Сильванию бросало то в жар, то в холод. Наверняка вокруг её глаз уже проявились красные круги. Так бывало всегда, когда она нервничала. Сильвания покосилась на блестящие, серебристые рёбра металла на ступенях эскалатора, которые непрерывно выезжали из-под пола, словно из тайного царства, и превращались в ступеньку.

– А может, лучше ты первый? – Она улыбнулась мальчику, хотя ей больше всего хотелось зареветь. Она хотя и читала об эскалаторах, но никогда ещё не ездила ни на одном.

Он помотал головой:

– Ladies first [6].

Сильвания слабо кивнула. Она и сама была сторонницей вежливости, но иногда эта вежливость становилась просто обузой.

– Окей, тогда… м-да, тогда я пошла.

Сильвания выставила вперёд свою правую ступню, так что она почти касалась серебристых полосок. Может, ей просто прыгнуть на ступеньки? Одного она не хотела ни в коем случае: на глазах этого мальчишки приземлиться, как её сестра, на пятую точку. Тут Сильвания заметила, что чёрная, широкая резиновая полоса перил тоже движется вниз. Вот оно, решение!

Сильвания повернулась к мальчику, улыбнулась ему и запрыгнула задом на перила. Она легла на них, вцепившись руками и ногами.

– Пока, приятно было с тобой познакомиться, – крикнула она мальчику, уезжая вниз.

Мальчик смотрел ей вслед, вытаращив глаза.

На нижнем конце эскалатора Сильванию подхватили госпожа Тепез и Дака.

– Да провалиться мне сквозь землю! Я и не подумала, что это ведь ваш первый эскалатор. Прошу прощения, – сказала госпожа Тепез, поглаживая дочерей по их бледным рукам.

И принялась давать советы на будущие поездки. Втайне и Дака, и Сильвания надеялись, что им больше никогда не придётся ступать на этого металлического монстра, но в большом городе его трудно избежать.

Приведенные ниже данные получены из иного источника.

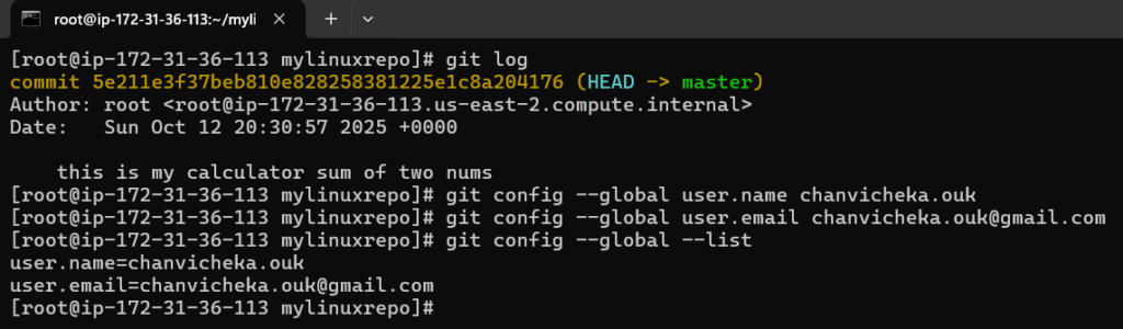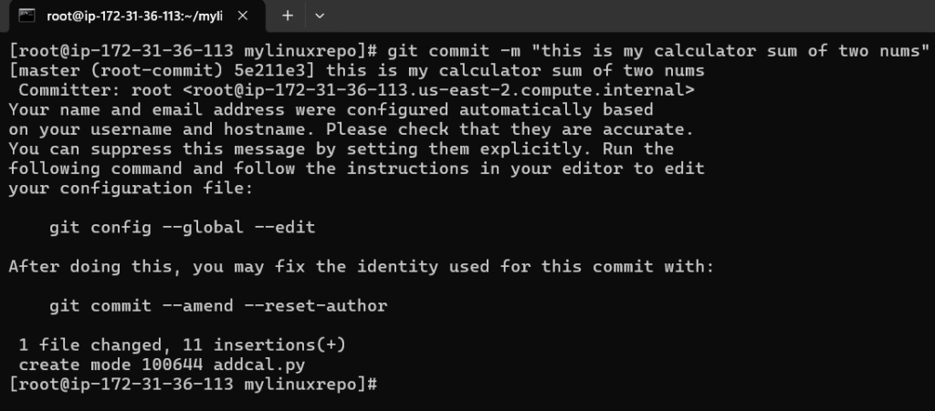 Note that I forgot to set the git config –global user.name and git config –global user.email

После того как они успешно справились с покупкой билетов в автомате и одолели поездку в метро, их ждал ещё один эскалатор на выходе в центре города. Но здесь было так много народу, что Дака уже не смогла бы упасть на пятую точку. Решительным прыжком она вскочила на ступеньку и вцепилась в ремень чьей-то чужой сумки; хозяин сумки, стоящий впереди, даже не заметил этого. Сильвания обеими руками ухватилась за перила, а мать в это время подталкивала её на ступеньку, крепко держа за талию.

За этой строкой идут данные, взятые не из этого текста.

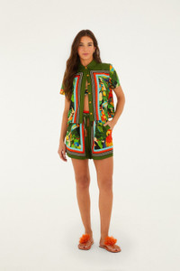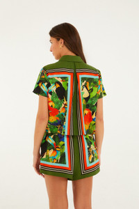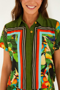 The Bird Leaves Shirt from FARM Rio brings tropical spirit to your swimwear with its vibrant leaf and bird motifs in lush greens and warm coral hues. Crafted from lightweight, breathable fabric, its relaxed silhouette dances effortlessly with soft ruffles along the sleeves, adding a playful, breezy touch. This piece invites you to embrace sun-soaked days with joyful ease, blending nature-inspired charm and comfortable elegance into your beachside moments. Ref.: 344737

Когда эскалатор выехал из тёмной глубины на поверхность площади Ратуши, госпожа Тепез глубоко вздохнула:

– Ах! Этот воздух большого города! Как я истосковалась по нему.

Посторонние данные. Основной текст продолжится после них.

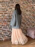 155cm|骨格ウェーブ 【カーディガン】 袖のボリュームたっぷりなカーディガン☺︎ ゆるっと感がお洒落で秋の羽織りで使いやすいです! ミドル丈なのでお尻も隠れ、ワンピース合わせがおすすめ♪ 【ワンピース】 美容系YouTuber「コスメヲタちゃんねるサラ」さんとのコラボアイテム! 「着るクリスマスコフレ」をテーマに、見るだけでもときめき着ても心弾むアイテムです。 ニットとチュールのドッキングデザインで、チュールには程よい大きさのラメ&スパンコール入り♡ フレア袖には手首が細く綺麗に見えるようにスリットが入っています!1枚で映えること間違いなし! ショートからロングアウター、アウター合わせも困らずコーディネートしやすいです♪ 【ブーツ】 厚底デザインなのでヒールの高低差は少なく疲れにくいです。ヒールも太めで安定感があります。 ※サンプルのためシューズはLサイズを着用していますが、普段は23.5cmでMサイズを履いています

Дака и Сильвания моргали. Им вообще-то больше понравилось в туннеле. Дака даже увидела там пару крыс, и у неё проснулся аппетит.

– Ну разве это не чудесно! – воскликнула госпожа Тепез и указала на ратушу, высившуюся на площади. Это было позднеготическое сооружение с пятью высокими башнями. На средней, самой высокой, стояла статуя рыцаря.

– А ведь это на нём… – начала Дака, указывая на голову рыцаря.

– Голуби? – взвизгнула Сильвания.

– Эм-м, что? Я не вижу, – торопливо произнесла госпожа Тепез, схватила девочек за руки и повела сквозь толпу на торговую улицу.

С голубями у двойняшек была одна история: они пережили голубиную травму. Дело было так: как и большинство вампиров, полувампиры Дака и Сильвания начали учиться летать приблизительно в пять лет. Дака очень любила взмыть в воздух и неистовствовать в своё удовольствие. Сильвания была несколько сдержаннее – на земле она чувствовала себя увереннее.

Однако в конце пятого года жизни близнецы летали так, будто были полнокровными вампирами. Их папа очень гордился ими. В шесть лет они стали улетать одни. Девочки делали большой круг, почти до ближайшего города. Однажды им навстречу попалась стая голубей. Дака считала, что у них с сестрой было преимущественное право пролёта. Птицы придерживались другого мнения. Дака и Сильвания угодили в середину стаи.

Заносчивые голуби вообразили, что на них напали, и ринулись в бой. Они клевались, царапались и поливали сестёр жидким помётом. Девочки вернулись домой на пределе сил, совершенно растрёпанные, исцарапанные и обгаженные. Отныне они знали о вечном преимуществе голубей.

Именно поэтому госпожа Тепез быстро увела дочерей прочь от ратуши с голубями. Она вела их от одного магазинчика к другому, от одной достопримечательности к другой. Причём обо всех достопримечательностях сообщала чуть ли не инсайдерскую информацию:

– Сюда я раньше приходила с бабушкой есть мороженое… а здесь зимой почти всегда был каток… там у источника я встречалась с подругой… а вон там у пекаря самые вкусные пироги со сливой. Ах, теперь там внутри мясная лавка…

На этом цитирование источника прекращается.